- _INPUT FOR THIS TASK_:

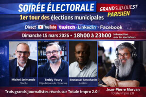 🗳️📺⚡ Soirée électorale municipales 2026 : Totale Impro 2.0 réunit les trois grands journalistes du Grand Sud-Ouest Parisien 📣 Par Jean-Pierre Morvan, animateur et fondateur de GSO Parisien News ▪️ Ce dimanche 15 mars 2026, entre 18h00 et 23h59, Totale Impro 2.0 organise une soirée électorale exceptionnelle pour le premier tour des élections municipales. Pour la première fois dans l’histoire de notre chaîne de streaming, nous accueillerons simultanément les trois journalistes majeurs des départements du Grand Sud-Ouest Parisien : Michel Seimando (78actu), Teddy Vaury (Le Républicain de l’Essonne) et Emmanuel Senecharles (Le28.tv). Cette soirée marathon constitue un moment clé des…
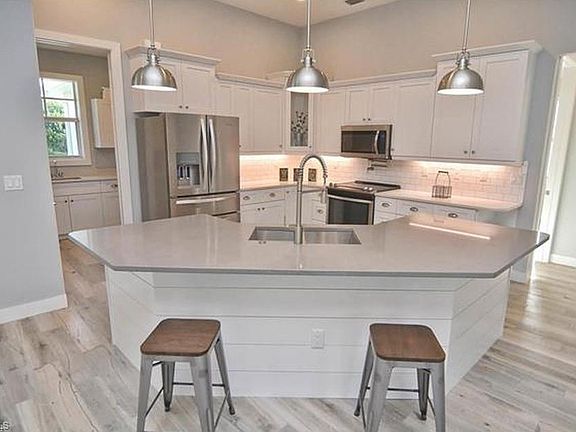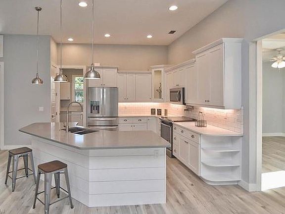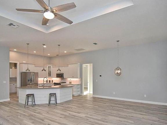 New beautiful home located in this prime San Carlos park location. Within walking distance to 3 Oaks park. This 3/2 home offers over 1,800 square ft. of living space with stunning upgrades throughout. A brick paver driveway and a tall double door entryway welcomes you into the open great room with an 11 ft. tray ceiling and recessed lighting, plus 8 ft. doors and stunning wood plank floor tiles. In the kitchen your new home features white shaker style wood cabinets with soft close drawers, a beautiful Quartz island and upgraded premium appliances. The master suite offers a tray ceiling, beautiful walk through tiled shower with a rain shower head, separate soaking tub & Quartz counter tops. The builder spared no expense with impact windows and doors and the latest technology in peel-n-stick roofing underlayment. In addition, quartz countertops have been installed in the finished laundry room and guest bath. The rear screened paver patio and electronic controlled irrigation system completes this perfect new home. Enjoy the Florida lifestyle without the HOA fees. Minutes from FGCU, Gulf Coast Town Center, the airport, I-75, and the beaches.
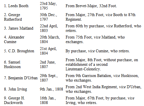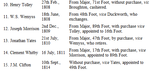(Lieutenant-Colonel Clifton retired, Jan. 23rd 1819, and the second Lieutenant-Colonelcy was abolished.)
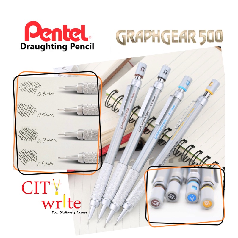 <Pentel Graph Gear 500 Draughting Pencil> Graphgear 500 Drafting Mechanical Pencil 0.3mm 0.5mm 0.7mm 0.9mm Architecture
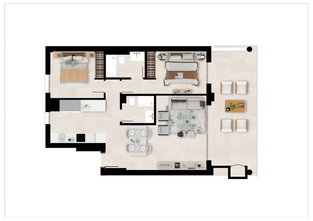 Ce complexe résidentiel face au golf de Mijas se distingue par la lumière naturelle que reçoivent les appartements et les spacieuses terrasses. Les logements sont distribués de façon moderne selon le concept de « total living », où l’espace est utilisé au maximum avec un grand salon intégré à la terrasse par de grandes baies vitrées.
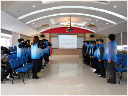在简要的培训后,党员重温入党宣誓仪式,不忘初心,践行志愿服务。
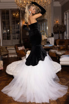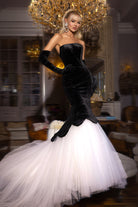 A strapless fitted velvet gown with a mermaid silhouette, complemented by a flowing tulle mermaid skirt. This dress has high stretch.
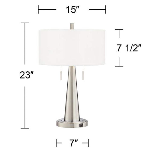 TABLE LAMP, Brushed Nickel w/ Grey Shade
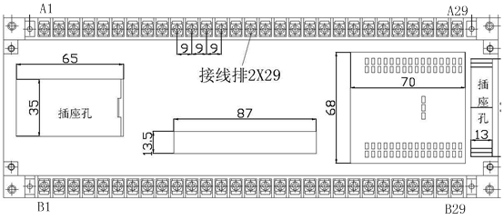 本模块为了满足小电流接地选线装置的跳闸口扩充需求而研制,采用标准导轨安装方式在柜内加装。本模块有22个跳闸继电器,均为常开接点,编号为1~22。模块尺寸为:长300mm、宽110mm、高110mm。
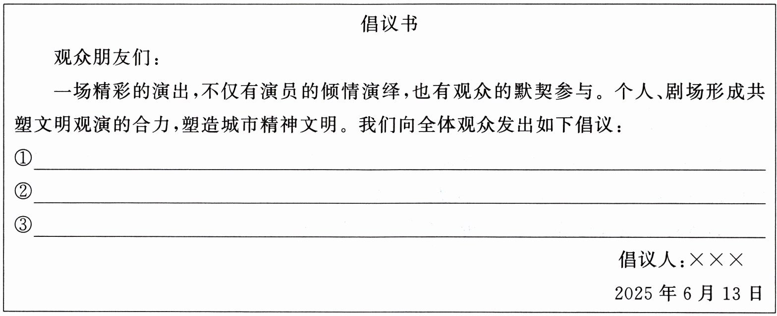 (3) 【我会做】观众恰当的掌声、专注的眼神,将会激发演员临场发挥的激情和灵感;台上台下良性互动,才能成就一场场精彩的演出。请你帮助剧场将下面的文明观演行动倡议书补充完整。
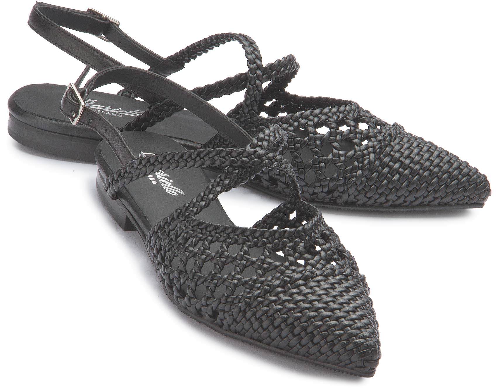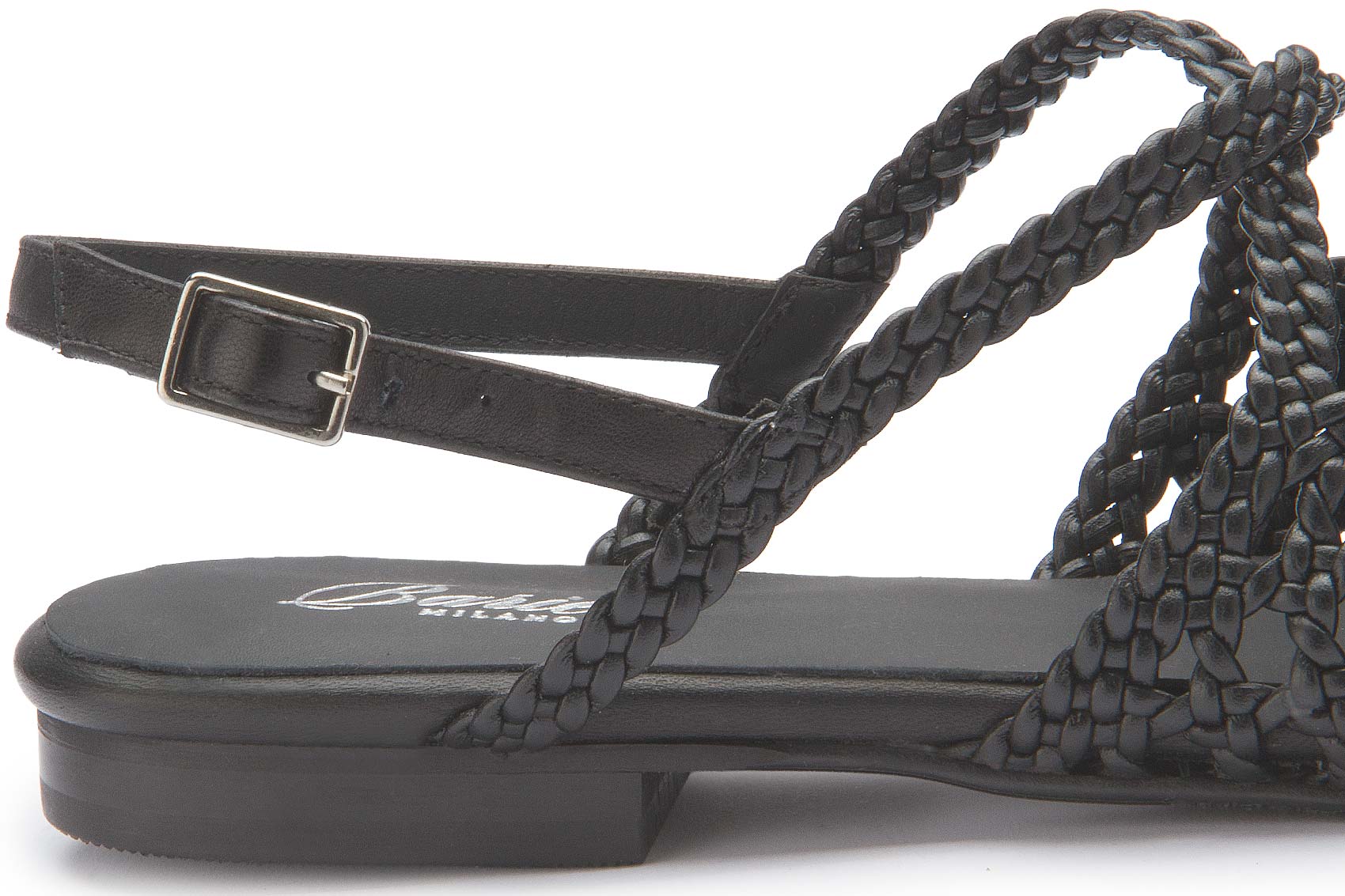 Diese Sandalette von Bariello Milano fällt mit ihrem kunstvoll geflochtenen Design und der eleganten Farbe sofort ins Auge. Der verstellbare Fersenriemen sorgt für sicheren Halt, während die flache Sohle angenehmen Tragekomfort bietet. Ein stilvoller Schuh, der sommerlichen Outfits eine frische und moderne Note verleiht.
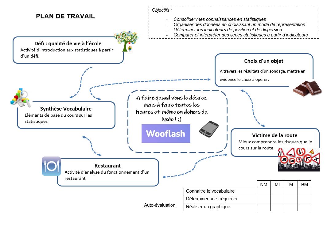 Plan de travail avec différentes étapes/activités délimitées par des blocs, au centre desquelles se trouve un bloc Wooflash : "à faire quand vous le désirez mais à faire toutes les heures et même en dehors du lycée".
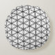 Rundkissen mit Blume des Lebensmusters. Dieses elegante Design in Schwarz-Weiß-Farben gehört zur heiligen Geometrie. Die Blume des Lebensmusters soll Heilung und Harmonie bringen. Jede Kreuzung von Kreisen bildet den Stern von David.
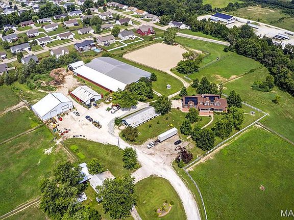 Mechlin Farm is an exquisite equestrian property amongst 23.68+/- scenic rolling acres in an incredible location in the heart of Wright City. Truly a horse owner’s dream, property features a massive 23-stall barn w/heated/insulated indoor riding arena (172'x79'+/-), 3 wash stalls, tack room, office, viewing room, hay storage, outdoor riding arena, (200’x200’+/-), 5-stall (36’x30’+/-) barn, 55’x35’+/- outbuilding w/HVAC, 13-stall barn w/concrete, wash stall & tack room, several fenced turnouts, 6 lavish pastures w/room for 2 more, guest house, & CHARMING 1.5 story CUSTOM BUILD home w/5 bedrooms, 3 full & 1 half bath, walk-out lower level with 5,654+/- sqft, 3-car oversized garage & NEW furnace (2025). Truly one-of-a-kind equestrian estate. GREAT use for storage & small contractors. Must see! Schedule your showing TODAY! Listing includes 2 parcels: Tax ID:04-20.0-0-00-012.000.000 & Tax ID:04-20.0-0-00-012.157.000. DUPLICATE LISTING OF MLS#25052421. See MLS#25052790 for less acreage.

- _ACTIVITY_:
Excluding the pictures, restate the records above word for word.

- _EXERCISE OUTPUT_:
 🗳️📺⚡ Soirée électorale municipales 2026 : Totale Impro 2.0 réunit les trois grands journalistes du Grand Sud-Ouest Parisien 📣 Par Jean-Pierre Morvan, animateur et fondateur de GSO Parisien News ▪️ Ce dimanche 15 mars 2026, entre 18h00 et 23h59, Totale Impro 2.0 organise une soirée électorale exceptionnelle pour le premier tour des élections municipales. Pour la première fois dans l’histoire de notre chaîne de streaming, nous accueillerons simultanément les trois journalistes majeurs des départements du Grand Sud-Ouest Parisien : Michel Seimando (78actu), Teddy Vaury (Le Républicain de l’Essonne) et Emmanuel Senecharles (Le28.tv). Cette soirée marathon constitue un moment clé des…
 New beautiful home located in this prime San Carlos park location. Within walking distance to 3 Oaks park. This 3/2 home offers over 1,800 square ft. of living space with stunning upgrades throughout. A brick paver driveway and a tall double door entryway welcomes you into the open great room with an 11 ft. tray ceiling and recessed lighting, plus 8 ft. doors and stunning wood plank floor tiles. In the kitchen your new home features white shaker style wood cabinets with soft close drawers, a beautiful Quartz island and upgraded premium appliances. The master suite offers a tray ceiling, beautiful walk through tiled shower with a rain shower head, separate soaking tub & Quartz counter tops. The builder spared no expense with impact windows and doors and the latest technology in peel-n-stick roofing underlayment. In addition, quartz countertops have been installed in the finished laundry room and guest bath. The rear screened paver patio and electronic controlled irrigation system completes this perfect new home. Enjoy the Florida lifestyle without the HOA fees. Minutes from FGCU, Gulf Coast Town Center, the airport, I-75, and the beaches.
(Lieutenant-Colonel Clifton retired, Jan. 23rd 1819, and the second Lieutenant-Colonelcy was abolished.)
 <Pentel Graph Gear 500 Draughting Pencil> Graphgear 500 Drafting Mechanical Pencil 0.3mm 0.5mm 0.7mm 0.9mm Architecture
 Ce complexe résidentiel face au golf de Mijas se distingue par la lumière naturelle que reçoivent les appartements et les spacieuses terrasses. Les logements sont distribués de façon moderne selon le concept de « total living », où l’espace est utilisé au maximum avec un grand salon intégré à la terrasse par de grandes baies vitrées.
在简要的培训后,党员重温入党宣誓仪式,不忘初心,践行志愿服务。
 A strapless fitted velvet gown with a mermaid silhouette, complemented by a flowing tulle mermaid skirt. This dress has high stretch.
 TABLE LAMP, Brushed Nickel w/ Grey Shade
 本模块为了满足小电流接地选线装置的跳闸口扩充需求而研制,采用标准导轨安装方式在柜内加装。本模块有22个跳闸继电器,均为常开接点,编号为1~22。模块尺寸为:长300mm、宽110mm、高110mm。
 (3) 【我会做】观众恰当的掌声、专注的眼神,将会激发演员临场发挥的激情和灵感;台上台下良性互动,才能成就一场场精彩的演出。请你帮助剧场将下面的文明观演行动倡议书补充完整。
 Diese Sandalette von Bariello Milano fällt mit ihrem kunstvoll geflochtenen Design und der eleganten Farbe sofort ins Auge. Der verstellbare Fersenriemen sorgt für sicheren Halt, während die flache Sohle angenehmen Tragekomfort bietet. Ein stilvoller Schuh, der sommerlichen Outfits eine frische und moderne Note verleiht.
 Plan de travail avec différentes étapes/activités délimitées par des blocs, au centre desquelles se trouve un bloc Wooflash : "à faire quand vous le désirez mais à faire toutes les heures et même en dehors du lycée".
 Rundkissen mit Blume des Lebensmusters. Dieses elegante Design in Schwarz-Weiß-Farben gehört zur heiligen Geometrie. Die Blume des Lebensmusters soll Heilung und Harmonie bringen. Jede Kreuzung von Kreisen bildet den Stern von David.
 Mechlin Farm is an exquisite equestrian property amongst 23.68+/- scenic rolling acres in an incredible location in the heart of Wright City. Truly a horse owner’s dream, property features a massive 23-stall barn w/heated/insulated indoor riding arena (172'x79'+/-), 3 wash stalls, tack room, office, viewing room, hay storage, outdoor riding arena, (200’x200’+/-), 5-stall (36’x30’+/-) barn, 55’x35’+/- outbuilding w/HVAC, 13-stall barn w/concrete, wash stall & tack room, several fenced turnouts, 6 lavish pastures w/room for 2 more, guest house, & CHARMING 1.5 story CUSTOM BUILD home w/5 bedrooms, 3 full & 1 half bath, walk-out lower level with 5,654+/- sqft, 3-car oversized garage & NEW furnace (2025). Truly one-of-a-kind equestrian estate. GREAT use for storage & small contractors. Must see! Schedule your showing TODAY! Listing includes 2 parcels: Tax ID:04-20.0-0-00-012.000.000 & Tax ID:04-20.0-0-00-012.157.000. DUPLICATE LISTING OF MLS#25052421. See MLS#25052790 for less acreage.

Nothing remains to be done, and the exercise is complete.